● PROBLEM TO SOLVE: Except for the pictures, retype the records that follow exactly.
Start of RECORDS
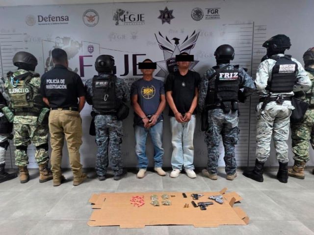 LORETO, ZAC.- Agentes de la Fuerza de Reacción Inmediata Zacatecas (FRIZ), Ejército Mexicano y Guardia Nacional (GN), detuvieron a dos hombres que portaban armas de fuego y probable droga en la comunidad El Tepetate.
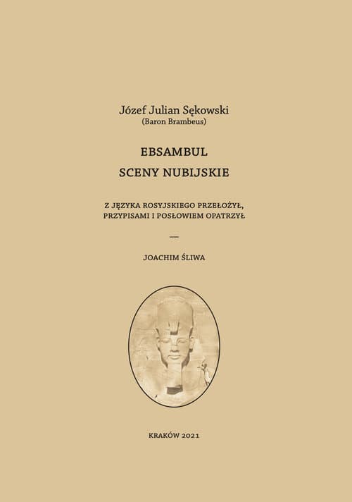 Ebsambul. Sceny nubijskie to jeden z mniej znanych tekstów Józefa Juliana Sękowskiego (1800-1858), pomyślany przez autora jako coś w rodzaju satyry lub humoreski. W opowiadaniu tym wyraził Sękowski swój stosunek do ówczesnej sytuacji panującej nie tyle w samym Egipcie, lecz w kręgach coraz częściej tu przybywających podróżników oraz wśród tzw. starożytników, których nazywał wręcz „przedsiębiorcami starożytności”. Jak w krzywym zwierciadle ukazał też inne negatywne zjawiska w rodzącej się egiptologii, jak chociażby nieograniczoną swobodę umożliwiającą wywóz zabytków oraz lekceważący, paternalistyczny i pozbawiony zazwyczaj szacunku stosunek podróżników/badaczy do ludności miejscowej, jej wierzeń i lokalnych tradycji. Józef Julian Sękowski (1800-1858) to jeden z najwybitniejszych orientalistów swej epoki, podróżnik, badacz, tłumacz i wydawca tekstów źródłowych, ponadto wykładowca i profesor uniwersytecki. Odegrał też istotną rolę w życiu literackim Rosji pierwszej połowy XIX wieku; jako literat i publicysta rozpoznawany był głównie pod pseudonimem „Baron Brambeus”. Jako badacz, krytykując postawę zachodnich orientalistów, usiłujących zgłębiać tajniki Wschodu niejako z zewnątrz, postulował konieczność głębszego zaangażowania i zerwania z europocentrycznym punktem widzenia.
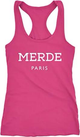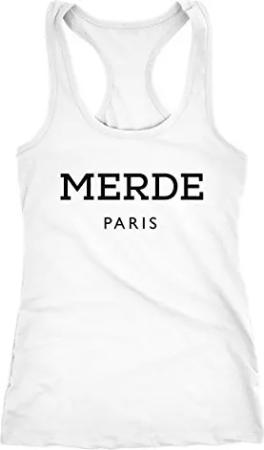 Freches Damen Tank-Top Shirt Merde Paris Racerback weiß XXL
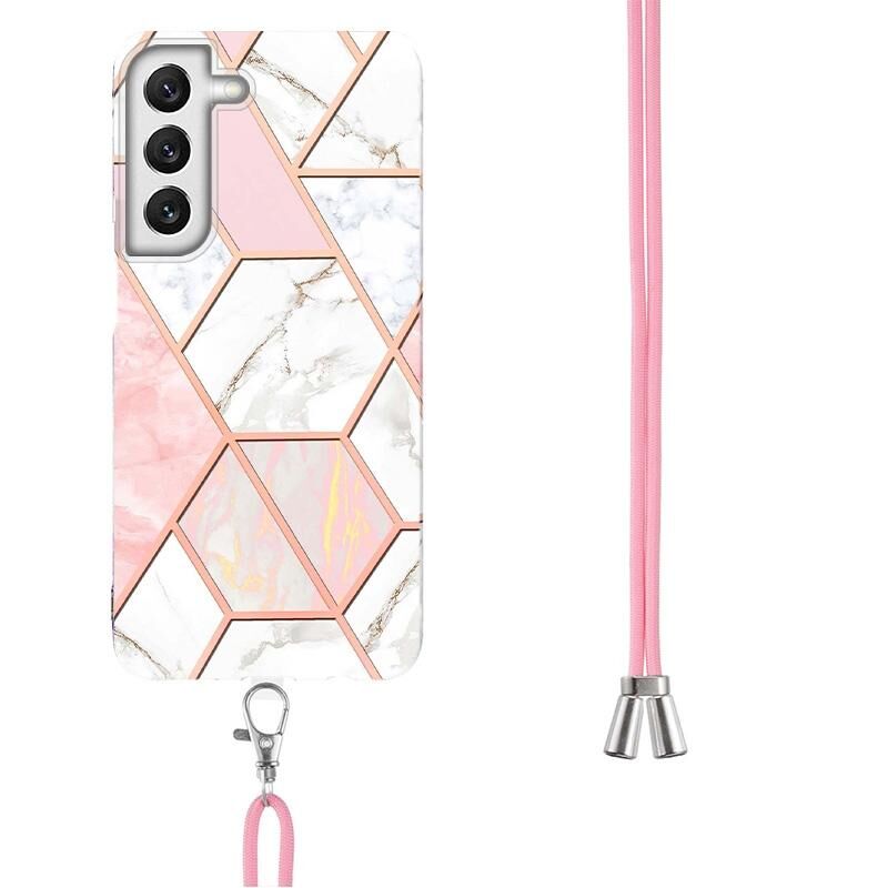 Θήκη κινητού τηλεφώνου Samsung Galaxy S22 5G με γαλβανισμό, συνδυασμό μαρμάρου και TPU με κορδόνι (Σκούρο Μωβ)
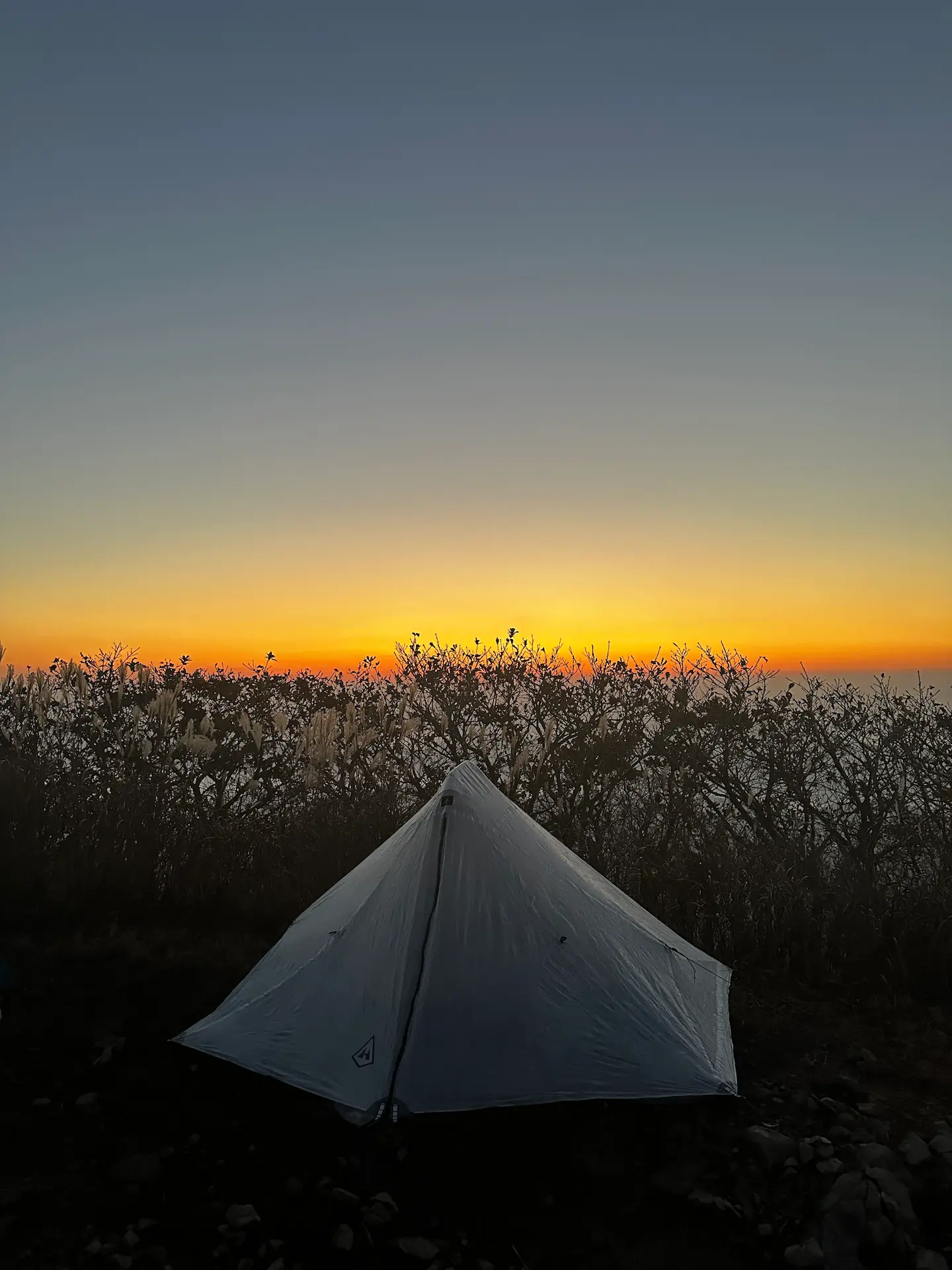 정상에 가까워질수록 억새가 보이기 시작하더니 정신을 차리고 보니 키를 훌쩍 넘기는 억새밭 안에 들어와 있었다. 일단은 날이 더 어두워지기 전에 올라가서 자릴 잡기로.
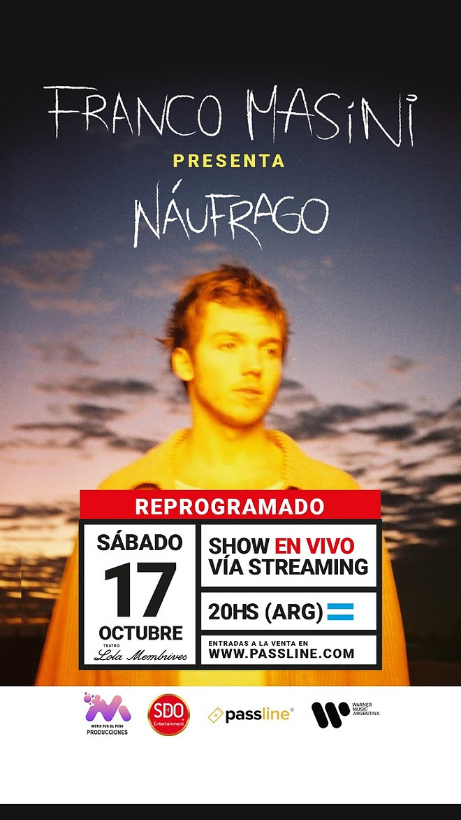 Por cuestiones inherentes a la pandemia, ajenas al artista, con motivo de preservar el cuidado de las personas que trabajan en el show y para poder dar estricto cumplimiento al protocolo y las normativas en seguridad sanitaria, se decidió reprogramar el show en vivo vía streaming de Franco Masini para el sábado 17 de octubre a las 20 hs (ARG).
End of RECORDS
● RESULT OF THIS EXERCISE:
 LORETO, ZAC.- Agentes de la Fuerza de Reacción Inmediata Zacatecas (FRIZ), Ejército Mexicano y Guardia Nacional (GN), detuvieron a dos hombres que portaban armas de fuego y probable droga en la comunidad El Tepetate.
 Ebsambul. Sceny nubijskie to jeden z mniej znanych tekstów Józefa Juliana Sękowskiego (1800-1858), pomyślany przez autora jako coś w rodzaju satyry lub humoreski. W opowiadaniu tym wyraził Sękowski swój stosunek do ówczesnej sytuacji panującej nie tyle w samym Egipcie, lecz w kręgach coraz częściej tu przybywających podróżników oraz wśród tzw. starożytników, których nazywał wręcz „przedsiębiorcami starożytności”. Jak w krzywym zwierciadle ukazał też inne negatywne zjawiska w rodzącej się egiptologii, jak chociażby nieograniczoną swobodę umożliwiającą wywóz zabytków oraz lekceważący, paternalistyczny i pozbawiony zazwyczaj szacunku stosunek podróżników/badaczy do ludności miejscowej, jej wierzeń i lokalnych tradycji. Józef Julian Sękowski (1800-1858) to jeden z najwybitniejszych orientalistów swej epoki, podróżnik, badacz, tłumacz i wydawca tekstów źródłowych, ponadto wykładowca i profesor uniwersytecki. Odegrał też istotną rolę w życiu literackim Rosji pierwszej połowy XIX wieku; jako literat i publicysta rozpoznawany był głównie pod pseudonimem „Baron Brambeus”. Jako badacz, krytykując postawę zachodnich orientalistów, usiłujących zgłębiać tajniki Wschodu niejako z zewnątrz, postulował konieczność głębszego zaangażowania i zerwania z europocentrycznym punktem widzenia.
 Freches Damen Tank-Top Shirt Merde Paris Racerback weiß XXL
 Θήκη κινητού τηλεφώνου Samsung Galaxy S22 5G με γαλβανισμό, συνδυασμό μαρμάρου και TPU με κορδόνι (Σκούρο Μωβ)
 정상에 가까워질수록 억새가 보이기 시작하더니 정신을 차리고 보니 키를 훌쩍 넘기는 억새밭 안에 들어와 있었다. 일단은 날이 더 어두워지기 전에 올라가서 자릴 잡기로.
 Por cuestiones inherentes a la pandemia, ajenas al artista, con motivo de preservar el cuidado de las personas que trabajan en el show y para poder dar estricto cumplimiento al protocolo y las normativas en seguridad sanitaria, se decidió reprogramar el show en vivo vía streaming de Franco Masini para el sábado 17 de octubre a las 20 hs (ARG).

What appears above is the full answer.